What is expected:
Reproduce only the lines of the material below that start at the line containing "在现场,孩子们在解说员和老师" and stop at the line containing "首先,我院党委书记兼行政副院". Keep both end lines.

Data to examine:

________

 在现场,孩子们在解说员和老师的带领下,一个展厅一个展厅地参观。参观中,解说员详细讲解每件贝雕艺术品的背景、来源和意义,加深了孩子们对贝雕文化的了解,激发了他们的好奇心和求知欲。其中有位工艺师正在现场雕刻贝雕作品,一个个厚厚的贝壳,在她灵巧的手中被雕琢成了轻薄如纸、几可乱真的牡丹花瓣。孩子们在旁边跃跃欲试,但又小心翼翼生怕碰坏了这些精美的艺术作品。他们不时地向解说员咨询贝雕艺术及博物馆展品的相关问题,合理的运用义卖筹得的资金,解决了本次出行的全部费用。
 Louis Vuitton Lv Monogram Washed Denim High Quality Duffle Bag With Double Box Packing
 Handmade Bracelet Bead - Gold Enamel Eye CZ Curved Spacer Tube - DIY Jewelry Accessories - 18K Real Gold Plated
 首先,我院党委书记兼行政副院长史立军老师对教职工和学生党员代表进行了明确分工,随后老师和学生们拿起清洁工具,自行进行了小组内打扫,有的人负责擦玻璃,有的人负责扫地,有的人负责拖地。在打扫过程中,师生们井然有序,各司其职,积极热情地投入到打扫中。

________

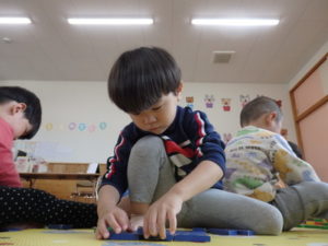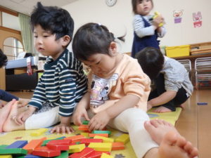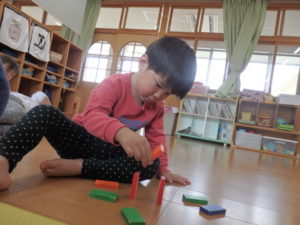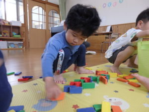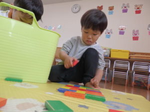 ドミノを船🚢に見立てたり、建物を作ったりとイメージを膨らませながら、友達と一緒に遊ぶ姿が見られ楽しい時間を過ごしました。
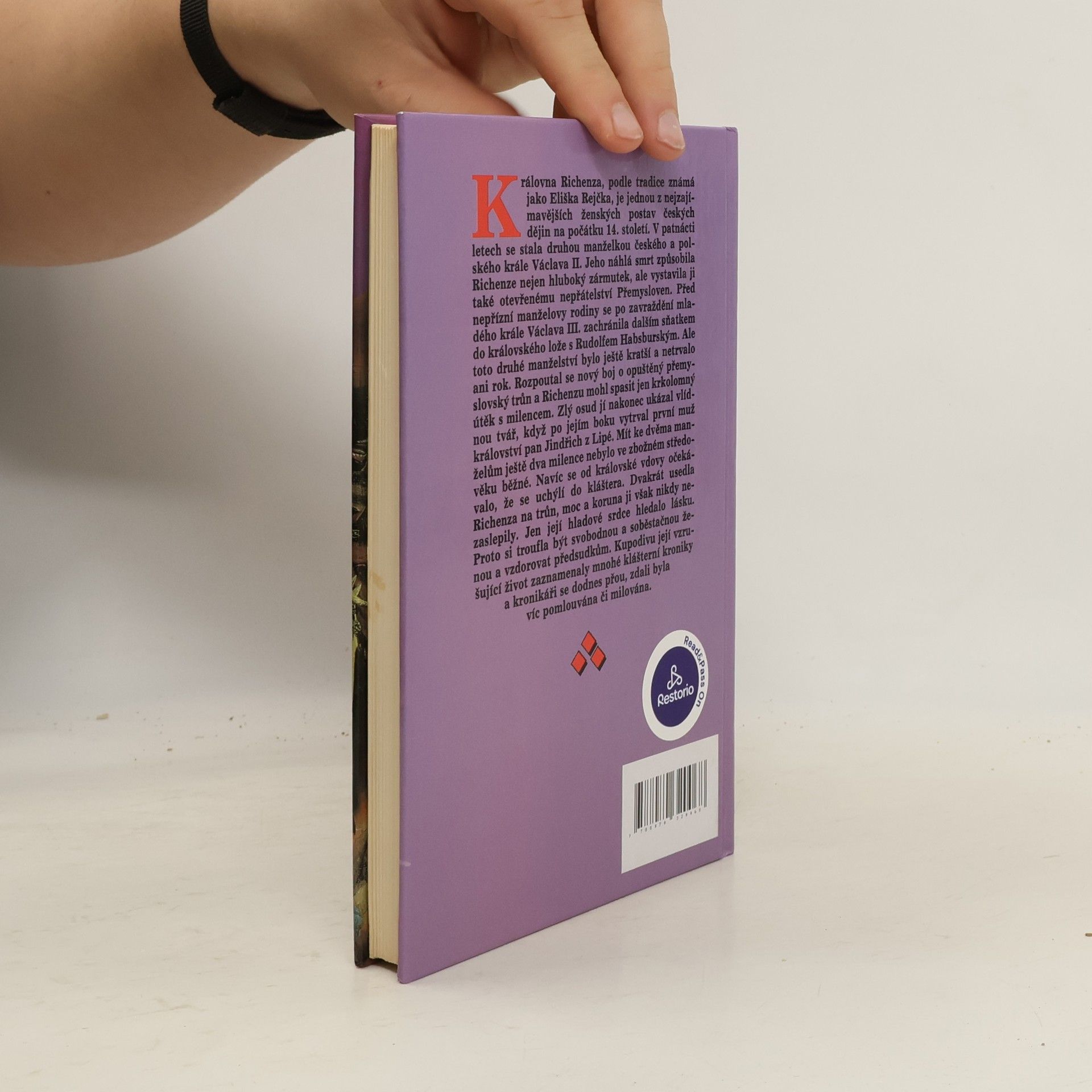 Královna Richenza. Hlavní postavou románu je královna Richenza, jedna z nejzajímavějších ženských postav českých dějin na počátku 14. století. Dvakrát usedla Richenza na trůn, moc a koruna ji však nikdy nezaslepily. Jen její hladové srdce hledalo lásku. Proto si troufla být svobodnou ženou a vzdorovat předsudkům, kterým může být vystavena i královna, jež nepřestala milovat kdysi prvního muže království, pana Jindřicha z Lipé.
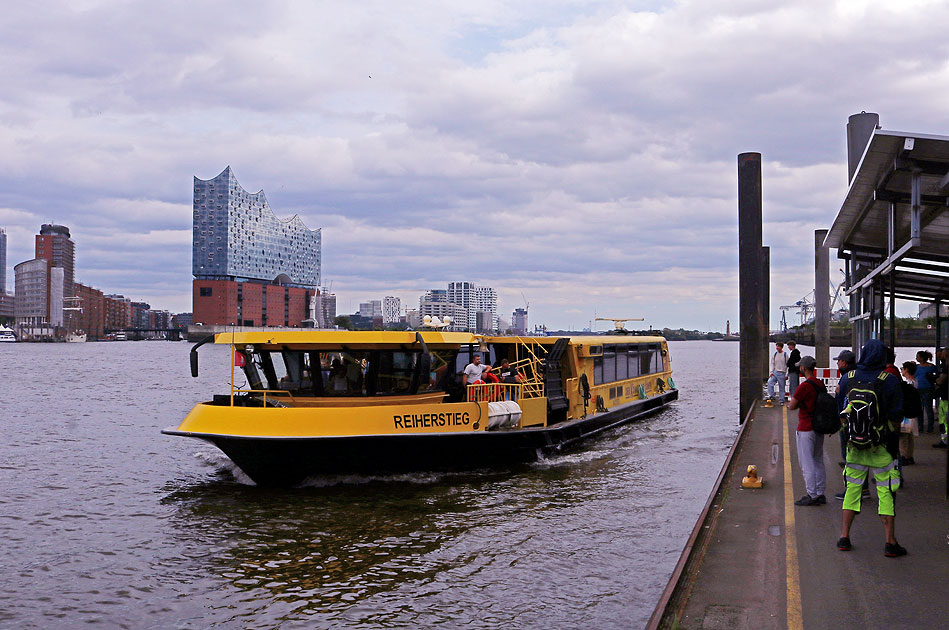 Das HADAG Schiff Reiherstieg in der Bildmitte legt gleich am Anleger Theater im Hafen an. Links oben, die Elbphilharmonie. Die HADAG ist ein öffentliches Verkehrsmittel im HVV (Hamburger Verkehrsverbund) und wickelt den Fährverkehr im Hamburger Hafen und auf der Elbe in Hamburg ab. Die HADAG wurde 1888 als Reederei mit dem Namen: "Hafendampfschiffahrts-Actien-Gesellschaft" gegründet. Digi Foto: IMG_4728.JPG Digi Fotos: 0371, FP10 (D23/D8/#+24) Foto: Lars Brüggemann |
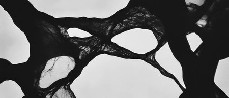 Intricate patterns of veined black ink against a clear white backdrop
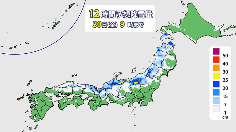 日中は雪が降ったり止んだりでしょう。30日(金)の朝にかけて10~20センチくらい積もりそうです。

________

Task answer:
 在现场,孩子们在解说员和老师的带领下,一个展厅一个展厅地参观。参观中,解说员详细讲解每件贝雕艺术品的背景、来源和意义,加深了孩子们对贝雕文化的了解,激发了他们的好奇心和求知欲。其中有位工艺师正在现场雕刻贝雕作品,一个个厚厚的贝壳,在她灵巧的手中被雕琢成了轻薄如纸、几可乱真的牡丹花瓣。孩子们在旁边跃跃欲试,但又小心翼翼生怕碰坏了这些精美的艺术作品。他们不时地向解说员咨询贝雕艺术及博物馆展品的相关问题,合理的运用义卖筹得的资金,解决了本次出行的全部费用。
 Louis Vuitton Lv Monogram Washed Denim High Quality Duffle Bag With Double Box Packing
 Handmade Bracelet Bead - Gold Enamel Eye CZ Curved Spacer Tube - DIY Jewelry Accessories - 18K Real Gold Plated
 首先,我院党委书记兼行政副院长史立军老师对教职工和学生党员代表进行了明确分工,随后老师和学生们拿起清洁工具,自行进行了小组内打扫,有的人负责擦玻璃,有的人负责扫地,有的人负责拖地。在打扫过程中,师生们井然有序,各司其职,积极热情地投入到打扫中。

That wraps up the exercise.